In the first transaction of its kind, France, Germany and Britain have sent medical goods to Iran under a trade mechanism set up to bypass US sanctions against Tehran.

In January 2019, the three European countries, known as the E3, developed the trade mechanism — dubbed INSTEX — as a workaround to export goods to Iran.

“INSTEX and its Iranian counterpart STFI will work on more transactions and enhancing the mechanism,” the German Foreign Ministry said in a statement. “These goods are now in Iran.”

The German Foreign Ministry did not specify what was included in the shipment, only confirming its arrival. Citing people familiar with the transaction, The Wall Street Journal reported Tuesday that “the sale was equipment related to blood treatment from a German exporter.”

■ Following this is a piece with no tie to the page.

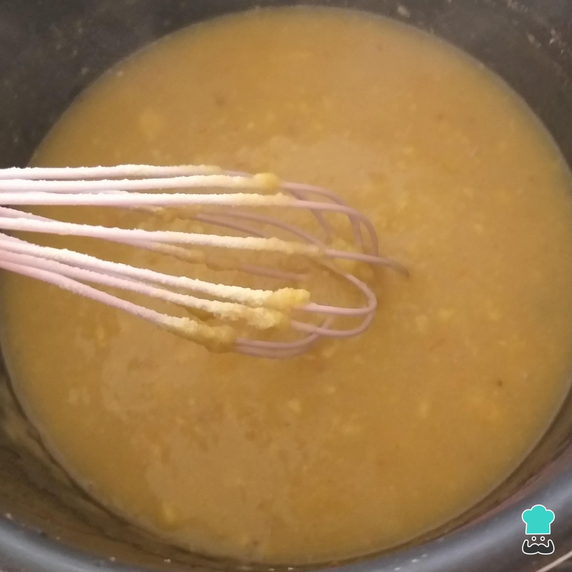 Feche a panela e mantenha em fogo alto. Assim que começar a apitar, abaixe o fogo e deixe cozinhar por 5 minutos. Desligue o fogo, espere sair a pressão. Abra a panela, coloque a manteiga e mexa por mais 2 minutos.

The Donald Trump administration imposed tough economic sanctions on Iran in 2018 after withdrawing from the nuclear accord reached by the Barack Obama administration, five other world powers and Iran in 2015. The reimposition of energy sanctions have since crippled Iran’s economy and prompted Tehran to retaliate by breaching its commitments under the nuclear deal.

The Islamic Republic, meanwhile, is grappling with the Middle East’s worst coronavirus outbreak. The death toll climbed to 2,898 on Tuesday, with more than 44,000 confirmed cases, Iran’s Health Ministry said.

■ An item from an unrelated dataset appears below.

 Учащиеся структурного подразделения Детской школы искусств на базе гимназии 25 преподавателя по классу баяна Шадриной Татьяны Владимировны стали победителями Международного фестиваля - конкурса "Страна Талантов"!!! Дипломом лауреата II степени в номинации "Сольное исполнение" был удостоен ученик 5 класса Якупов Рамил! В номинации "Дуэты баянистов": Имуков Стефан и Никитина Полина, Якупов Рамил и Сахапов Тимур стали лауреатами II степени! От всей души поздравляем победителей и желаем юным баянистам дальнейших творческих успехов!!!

The White House has resisted calls from some world leaders and human rights organizations to ease its “maximum pressure” campaign of sanctions against Iran, which Tehran says is hampering its ability to contain the virus. Officials in Iran have increasingly taken to social media to condemn the United States for what it calls “economic terrorism.”

US Secretary of State Mike Pompeo stressed in a Tuesday news conference that the United States has offered humanitarian assistance to Iran in the wake of the coronavirus pandemic. Medicine and medical supplies are exempted from US sanctions.

“When they make the claim that they just don’t have the money to feed their people, these are decisions that these people’s leaders have often made,” Pompeo said of Iran and other sanctioned countries. “It is indeed quite sad.”

Last week, Iran’s Supreme Leader Ayatollah Ali Khamenei said his country would not accept American assistance, calling US officials “charlatans and liars.”

“Several times Americans have offered to help us to fight the pandemic. That is strange because you face shortages in America,” Khamenei said in a televised speech.